20 July 2015 / William Anderson / On the Beat

About the Post-Maximalists

They love the Minimalists & the Post-Minimalists.
But they love doing stuff. The 20th C. is the Burgess Shale of compositional techniques.

from Wikipedia on “Burgess Shale”

“Stephen Jay Gould’s book Wonderful Life, published in 1989, brought the Burgess Shale fossils to the public’s attention. Gould suggests that the extraordinary diversity of the fossils indicates that life forms at the time were much more disparate in body form than those that survive today, and that many of the unique lineages were evolutionary experiments that became extinct. Gould’s interpretation of the diversity of Cambrian fauna relied heavily on Simon Conway Morris’ reinterpretation of Charles Walcott’s original publications. However, Conway Morris strongly disagreed with Gould’s conclusions, arguing that almost all the Cambrian fauna could be classified into modern day phyla.[6]”

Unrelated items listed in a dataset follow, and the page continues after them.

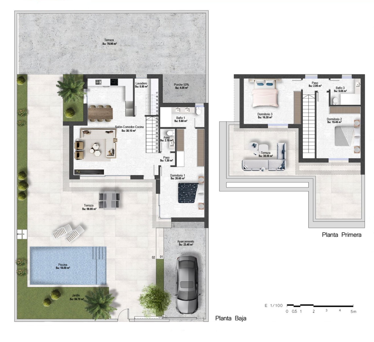 The residential has various types of detached villas all on one level or over two levels with 2, 3 or 4 bedrooms, 2 or 3 bathrooms and a private swimming pool, with multiple options to choose from as well as being built with all high quality finishes. The villas have been designed to integrate the exterior with the interior of the living space. The villas boast plenty of exterior spaces to enjoy outdoor living in Spain with a private garden, large front and rear terrace areas, and an inviting 18m2 private swimming pool.
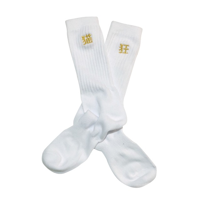 猫狂ソックスです! ぜひ熱烈な猫スキの方に履いて欲しい♡ パワーワードを金刺繍でパンチのある一足です しっかりした生地のスポーツソックスで メンズ・レディス兼用です〜 ーーー [素材] コットン 100% [サイズ] 24~27cm *PC・スマホの画面により、実際の商品の色合いと異なる場合がございます 上記予めご了承ください
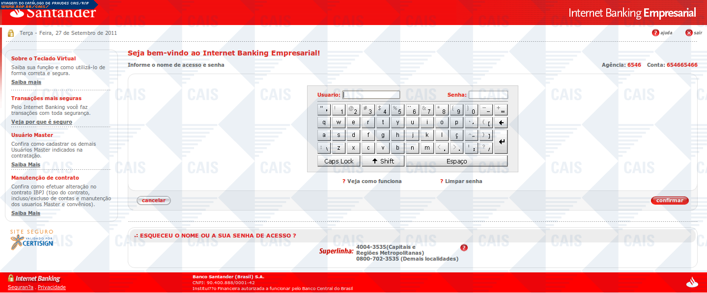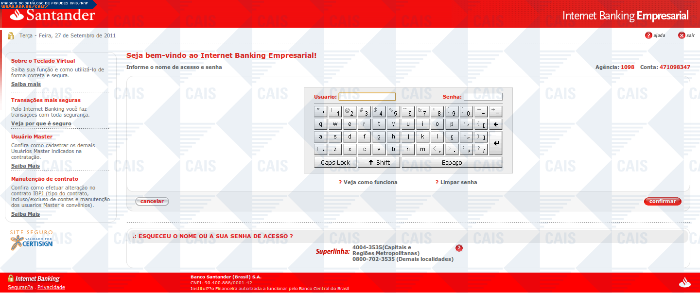 | assunto | Santander Internet Banking Empresarial: Novo padrão de segurança | |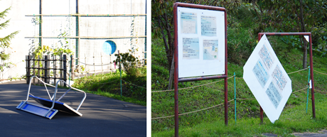 ホッキョクグマの看板が割れてはずれたり、ベンチが倒れたり・・・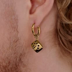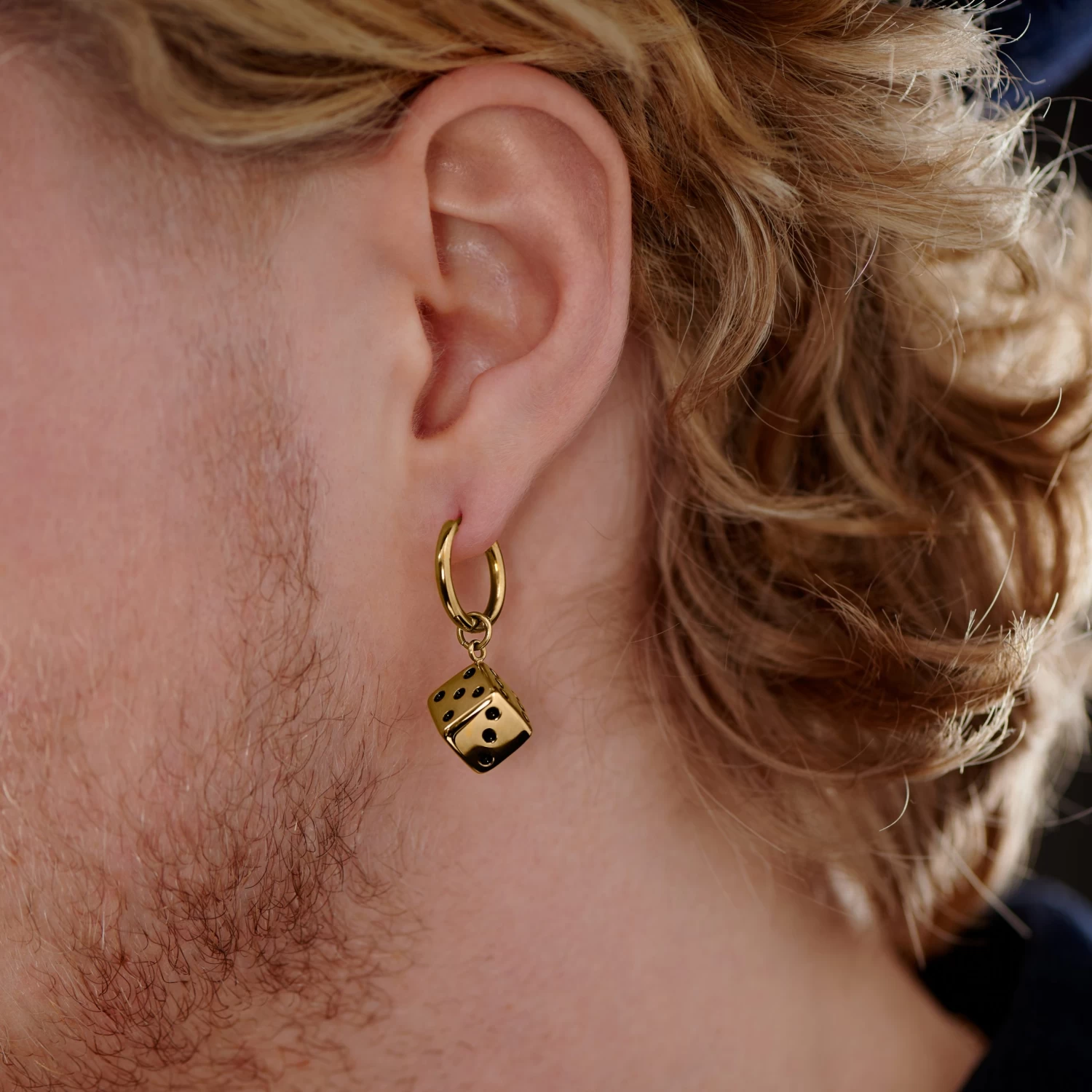 Constructed in surgical-grade stainless steel, this hoop earring with matching dice charm is ready to move your style from the slots to the high rollers’ table.

I don’t mean to be scientistic, but the 20th C. saw all kinds of musical “body forms”. Yet, these musical possibilities are not extinct. They are just not sexy at the moment because the people who discovered them were too proud and felt that the ideas were more important than the realization. We now know that the quality of the realization is everything. There are bad maximalist works and bad minimalist works.

The Post-Maximalists are *humble maximalists*. They are loving schmoos, eager to please.

De-coupling

The Post-Maximalists understand that a technique can be de-coupled from a tired sound.
Post-maximalists are syncretists, finding ways to reconcile sounds that were once thought to be incompatible, incapable of manifesting convincingly in one coherent work.